Неизвестный Александр Беляев
Шрифт:
Г-жа Ильманова обладает красивым, звучным и чистым контральто, которым умело распоряжается в пределах своего репертуара.
Но если и при этих благоприятных условиях внимание рассеивается после 10–12 номеров, в этом, разумеется, повинна не концертантка, а те общие для цыганской песни, попавшей на концертную эстраду, причины, о которых я говорил.
Концертантка имела успехи и много пела на bis.
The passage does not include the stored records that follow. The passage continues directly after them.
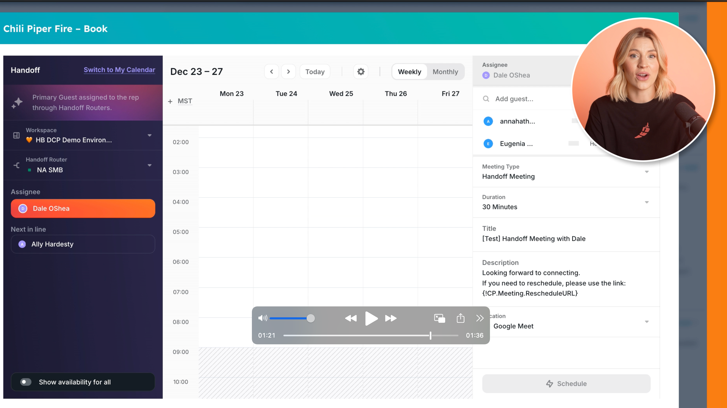 Route based on your specific routing rules (e.g. industry, company size, region). Route to account owner. Handoff meetings to other reps Live (via phone call or instant Zoom meeting). Re-use routing rules and teams across other Chili Piper products.
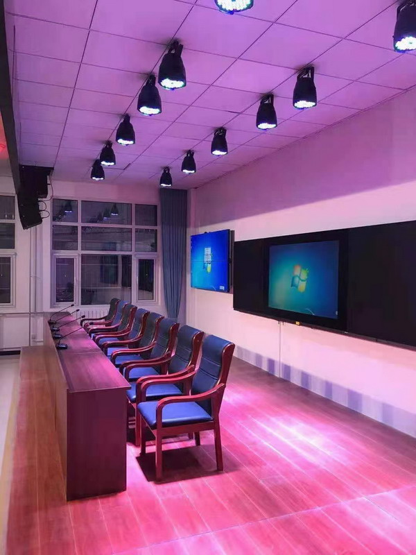 燈光方面,舞臺上方配置了染色燈,面光燈等,以滿足開會,演出等多種使用功能。
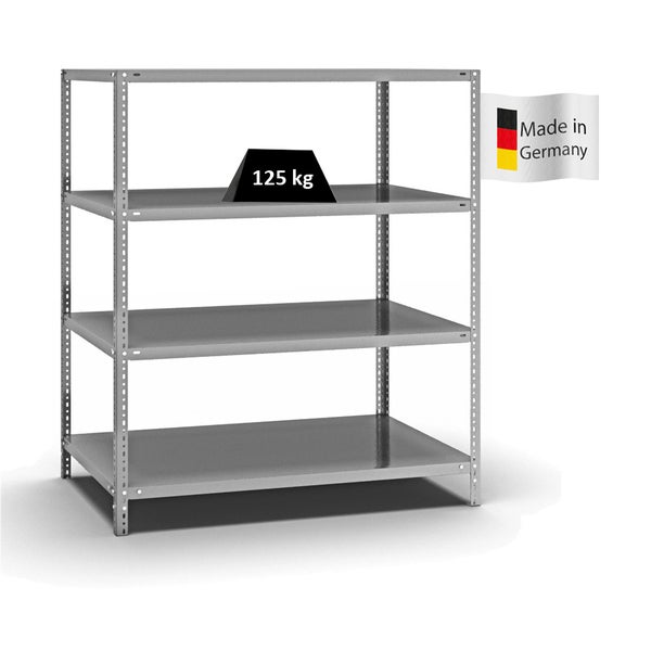 PROREGAL Fachbodenregal Schraubsystem Light-Duty Grundregal HxBxT 150 x 130 x 80 cm 4 Ebenen Fachlast 125 kg Beidseitig Nutzbar Verzinkt
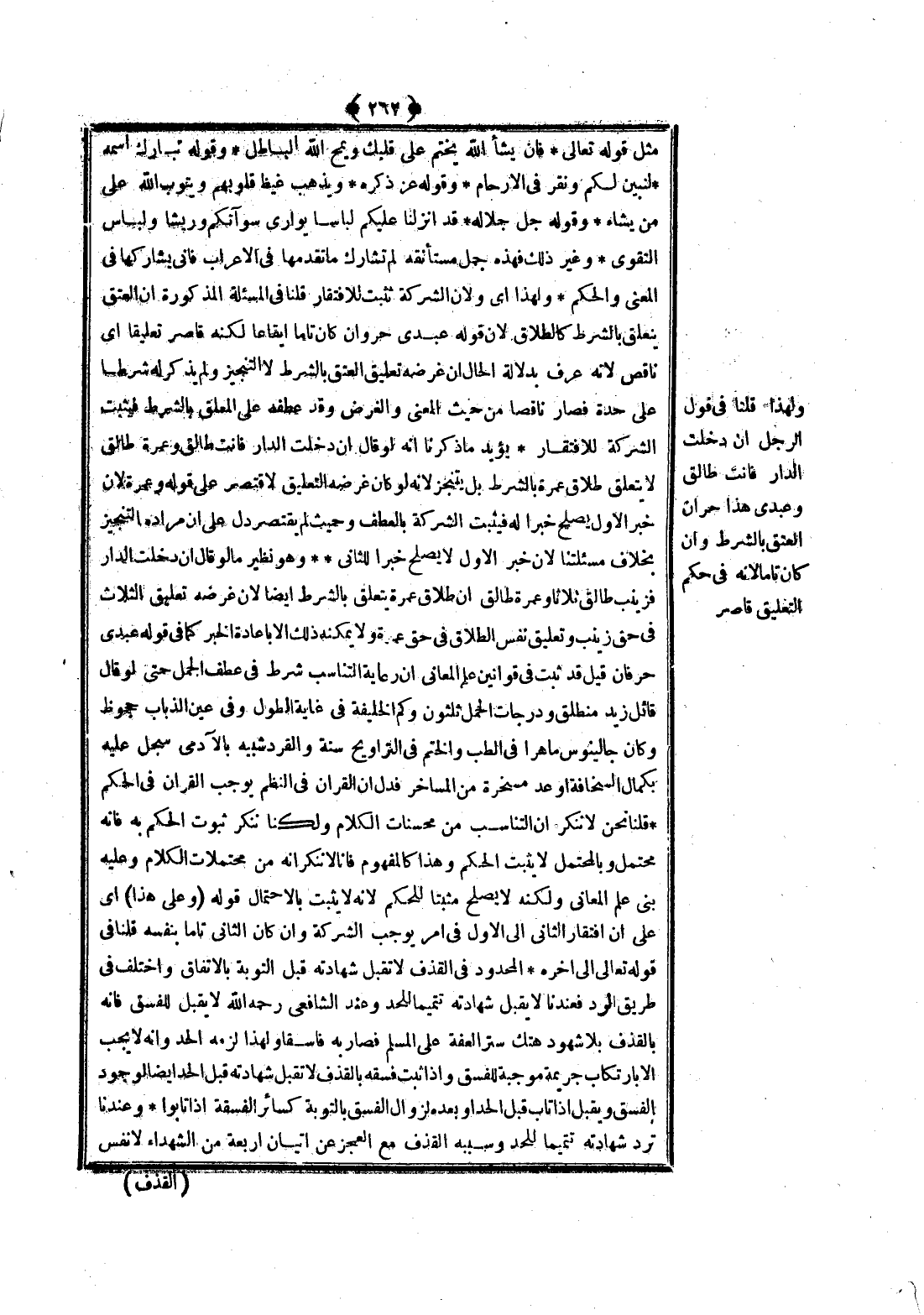 وَقَوْلُهُ تَبَارَكَ اسْمُهُ {لِنُبَيِّنَ لَكُمْ وَنُقِرُّ فِي الأَرْحَامِ} [الحج: 5] وَقَوْلُهُ عَزَّ ذِكْرُهُ {وَيُذْهِبْ غَيْظَ قُلُوبِهِمْ وَيَتُوبُ اللَّهُ عَلَى مَنْ يَشَاءُ} [التوبة: 15] وَقَوْلُهُ جَلَّ جَلَالُهُ {قَدْ أَنْزَلْنَا عَلَيْكُمْ لِبَاسًا يُوَارِي سَوْآتِكُمْ وَرِيشًا وَلِبَاسُ التَّقْوَى} [الأعراف: 26] وَغَيْرُ ذَلِكَ فَهَذِهِ جُمَلٌ مُسْتَأْنَفَةٌ لَمْ تُشَارِكْ مَا تَقَدَّمَهَا فِي الْإِعْرَابِ فَأَنَّى تُشَارِكُهَا فِي الْمَعْنَى وَالْحُكْمِ وَلِهَذَا أَيْ وَلِأَنَّ الشَّرِكَةَ تَثْبُتُ لِلِافْتِقَارِ قُلْنَا فِي الْمَسْأَلَةِ الْمَذْكُورَةِ إنَّ الْعِتْقَ يَتَعَلَّقُ بِالشَّرْطِ كَالطَّلَاقِ لِأَنَّ قَوْلَهُ عَبْدِي حُرٌّ وَإِنْ كَانَ تَامًّا إيقَاعًا لَكِنَّهُ قَاصِرٌ تَعْلِيقًا أَيْ نَاقِصٌ لِأَنَّهُ عُرِفَ بِدَلَالَةِ الْحَالِ أَنَّ غَرَضَهُ تَعْلِيقُ الْعِتْقِ بِالشَّرْطِ لَا التَّنْجِيزُ وَلَمْ يُذْكَرْ لَهُ شَرْطًا عَلَى حِدَةٍ فَصَارَ نَاقِصًا مِنْ حَيْثُ الْمَعْنَى وَالْغَرَضُ وَقَدْ عَطَفَهُ عَلَى الْمُعَلَّقِ بِالشَّرْطِ فَيَثْبُتُ الشَّرِكَةُ لِلِافْتِقَارِ يُؤَيِّدُ مَا ذَكَرْنَا أَنَّهُ لَوْ قَالَ: إنْ دَخَلْت الدَّارَ فَأَنْتِ طَالِقٌ وَعَمْرَةُ طَالِقٌ لَا يَتَعَلَّقُ طَلَاقُ عَمْرَةَ بِالشَّرْطِ بَلْ يُتَنَجَّزُ لِأَنَّهُ لَوْ كَانَ غَرَضُهُ التَّعْلِيقَ لَاقْتَصَرَ عَلَى قَوْلِهِ وَعَمْرَةُ لِأَنَّ خَبَرَ الْأَوَّلِ يَصْلُحُ خَبَرًا لَهُ فَيَثْبُتُ الشَّرِكَةُ بِالْعَطْفِ وَحَيْثُ لَمْ يَقْتَصِرْ دَلَّ عَلَى أَنَّ مُرَادَهُ التَّنْجِيزُ بِخِلَافِ مَسْأَلَتِنَا لِأَنَّ خَبَرَ الْأَوَّلِ لَا يَصْلُحُ خَبَرًا لِلثَّانِي وَهُوَ نَظِيرُ مَا لَوْ قَالَ: إنْ دَخَلْت الدَّارَ فَزَيْنَبُ طَالِقٌ ثَلَاثًا وَعَمْرَةُ طَالِقٌ أَنَّ طَلَاقَ عَمْرَةَ يَتَعَلَّقُ بِالشَّرْطِ أَيْضًا لِأَنَّ غَرَضَهُ تَعْلِيقُ الثَّلَاثِ فِي حَقِّ زَيْنَبَ وَتَعْلِيقُ نَفْسِ الطَّلَاقِ فِي حَقِّ عَمْرَةَ وَلَا يُمْكِنُهُ ذَلِكَ إلَّا بِإِعَادَةِ الْخَبَرِ كَمَا فِي قَوْلِهِ عَبْدِي حُرٌّ فَإِنْ قِيلَ: قَدْ ثَبَتَ فِي قَوَانِينِ عِلْمِ الْمَعَانِي أَنَّ رِعَايَةَ التَّنَاسُبِ شَرْطٌ فِي عَطْفِ الْجُمَلِ حَتَّى لَوْ قَالَ قَائِلٌ: زَيْدٌ مُنْطَلِقٌ وَدَرَجَاتُ الْحَمْلِ ثَلَثُونِ وَكُمُّ الْخَلِيفَةِ فِي غَايَةِ الطُّولِ وَفِي عَيْنِ الذُّبَابِ جُحُوظٌ وَكَانَ جَالِينُوسُ مَاهِرًا فِي الطِّبِّ وَالْخَتْمُ فِي التَّرَاوِيحِ سُنَّةٌ وَالْقِرْدُ شَبِيهٌ بِالْآدَمِيِّ سُجِّلَ عَلَيْهِ بِكَمَالِ السَّخَافَةِ أَوْ عُدَّ مَسْخَرَةً مِنْ الْمَسَاخِرِ فَدَلَّ أَنَّ الْقِرَانَ فِي النَّظْمِ يُوجِبُ الْقِرَانَ فِي الْحُكْمِ.

Вместе с ней выступал баритон г. Григорьев. Певец, видимо, молодой. Школа оставляет желать многого. Постановка голоса не правильна, звук идет сквозь зубы. Но все это поправимо. А природные данные великолепны. Полный, сочный и свежий баритон, не смотря на силу, удивительно мягкого, приятного тембра. Это певец в будущем.
Публики было обидно мало.
_________
Сегодня в театре Народного дома идет новая пьеса, нашумевшая еще до появления на сцену, как в обществе, так и в печати – «Поле Брани» Колышко, автора известной пьесы «Большой Человек». Пьеса эта представляет значительный интерес, она написана на тему о последних, политических
«Смоленский вестник». – Смоленск. – 1910. – № 268. – С.3
А. Беляев (под псевдонимом В-la-f.) «У передвижников»
Это не только «передвижники», но и «подвижники». Есть что-то, поистине, «подвижническое» в той глубокой преданности, с которой они служат любимому искусству. Возить весь сложный реквизиторский скарб, все декорации быть одновременно и первым артистом, и последним плотником, обращать внимание и филигранно отделывать каждую мелочь в обстановке, каждую фразу в исполнении, – разве это не подвижничество «ad majorem gloriam artis»?
И «подвижничество» приносит добрые плоды. Обладая скромным бюджетом, но блистая талантами отдельных исполнителей, «передвижники» сумели создать поистине художественную драму.
8-го января в зале Благородного co6paния состоялся первый спектакль передвижников – «Одинокие».
Ансамбль не оставляет желать ничего лучшего. В отделке мелочей можно скорее упрекнуть в «перехвате» (напр., сцена смеха пастора с Фокератом), чем в «недохвате»… Но с пониманием и обрисовкой героев Гауптмановской пьесы я не согласен.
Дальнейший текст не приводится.